We can check how the trained models are consistent in thier classification

```{r}
library(corrplot)
corrplot(modelCor(resamples(trained)),method='pie')
```

So the models are not very consistent. This is good as we can combine them to try to get even better prediction taking advantages of each of them.

#### Ensampling the models using simple voting (mode calculation)

Let's try 2 combined predictors: combining all the predictors and most accurate predictors.
Combination can be done by using simple voting via mode calculation (the most common predicted value accross several predictors will be chosen as final value).

```{r echo=F, warning=F}

calcmode <- function(v) {
   uniqv <- unique(v)
   uniqv[which.max(tabulate(match(v, uniqv)))]
}

predictMode <- function(models,newdata,level_labels){
  predictions <- matrix(ncol=length(models),nrow=nrow(newdata))
  
  results <- c()
  
  for(i in 1:length(models)) {
    currentMethod <-models[[i]]
    prediction <- predict(currentMethod,newdata=newdata)
    predictions[,i] <- prediction
  }
  
  for(i in 1:nrow(newdata)) {
    results<-c(results,calcmode(predictions[i,]))
  }
  return(factor(results,labels=level_labels))
}

inSampleCombinedPrediction <- predictMode(trained,pcaPredictedTraining,levels(pcaPredictedTraining$classe))
confM <- confusionMatrix(pcaPredictedTraining$classe,inSampleCombinedPrediction)
inSampleAcc <- confM$overall[["Accuracy"]]
outOfSampleCombinedPrediction <- predictMode(trained,pcaPredictedTesting,levels(pcaPredictedTesting$classe))
confM <- confusionMatrix(pcaPredictedTesting$classe,outOfSampleCombinedPrediction)
outOfSampleAcc <- confM$overall[["Accuracy"]]

combinedErrorRates <- data.frame(method = 'all combined',in_sample_accuracy=inSampleAcc,out_of_sample_accuracy=outOfSampleAcc)

#errorRates <- rbind(errorRates,combinedErrorRates)

trained.best <- trained[!(names(trained) %in% c('rpart','lda','"nb'))]

inSampleCombinedPrediction <- predictMode(trained.best,pcaPredictedTraining,levels(pcaPredictedTraining$classe))
confM <- confusionMatrix(pcaPredictedTraining$classe,inSampleCombinedPrediction)
inSampleAcc <- confM$overall[["Accuracy"]]
outOfSampleCombinedPrediction <- predictMode(trained.best,pcaPredictedTesting,levels(pcaPredictedTesting$classe))
confM <- confusionMatrix(pcaPredictedTesting$classe,outOfSampleCombinedPrediction)
outOfSampleAcc <- confM$overall[["Accuracy"]]

combinedErrorRates2 <- data.frame(method = 'rf,gbm,svm,nnet combined',in_sample_accuracy=inSampleAcc,out_of_sample_accuracy=outOfSampleAcc)

rbind(combinedErrorRates,combinedErrorRates2)

#errorRates <- rbind(errorRates,combinedErrorRates)
#errorRates
```

## 5. Final model choice

It it reasonable to choose the "rf,gbm,svm,nnet combined model" as it seems to be protected from overfitting by balancing.
This predictor is accurate enough in the same time with out of sample accuracy **`r outOfSampleAcc`**.

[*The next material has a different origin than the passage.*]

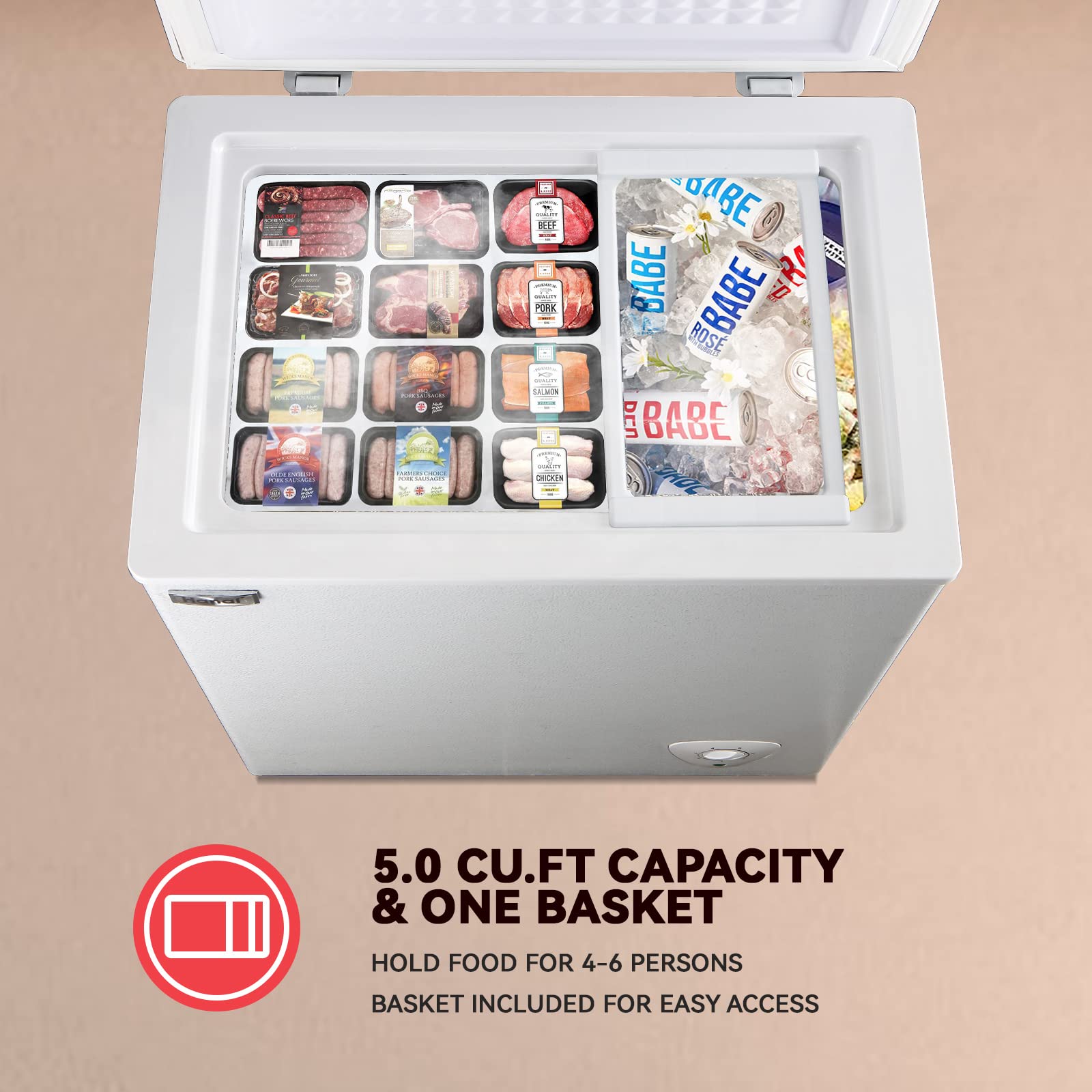 IDEAL FOR YOUR KITCHEN: Deep freezer has a large 5.0 cu.ft capacity, so you do not have to worry about not having room to store more food; With one removable basket, various shapes of food can be combined and stored

#### Final quiz prediciton.

```{r echo=F,results='hide', warning=F}
#assessing final quiz questions

barbell_lifts_quiz  <- read.csv('pml-testing.csv')

for (posPredName in possPredictorNames){
  if(class(barbell_lifts_quiz[[posPredName]]) == 'factor') {
    barbell_lifts_quiz[[posPredName]] <- as.numeric(as.character(barbell_lifts_quiz[[posPredName]])) #converting factor to cumeric via character
  }
}

pcaPredictedQuiz <- predict(pcaPreProc,barbell_lifts_quiz)
quizPrediction <- predictMode(trained.best,pcaPredictedQuiz,levels(pcaPredictedTesting$classe))

```

I've got **"17/20 points earned (85%)"** for the final quiz with the chosen model.

Accuracy rate of 85% is explainable as it is little bit less then out-of-sample accuracy expectation.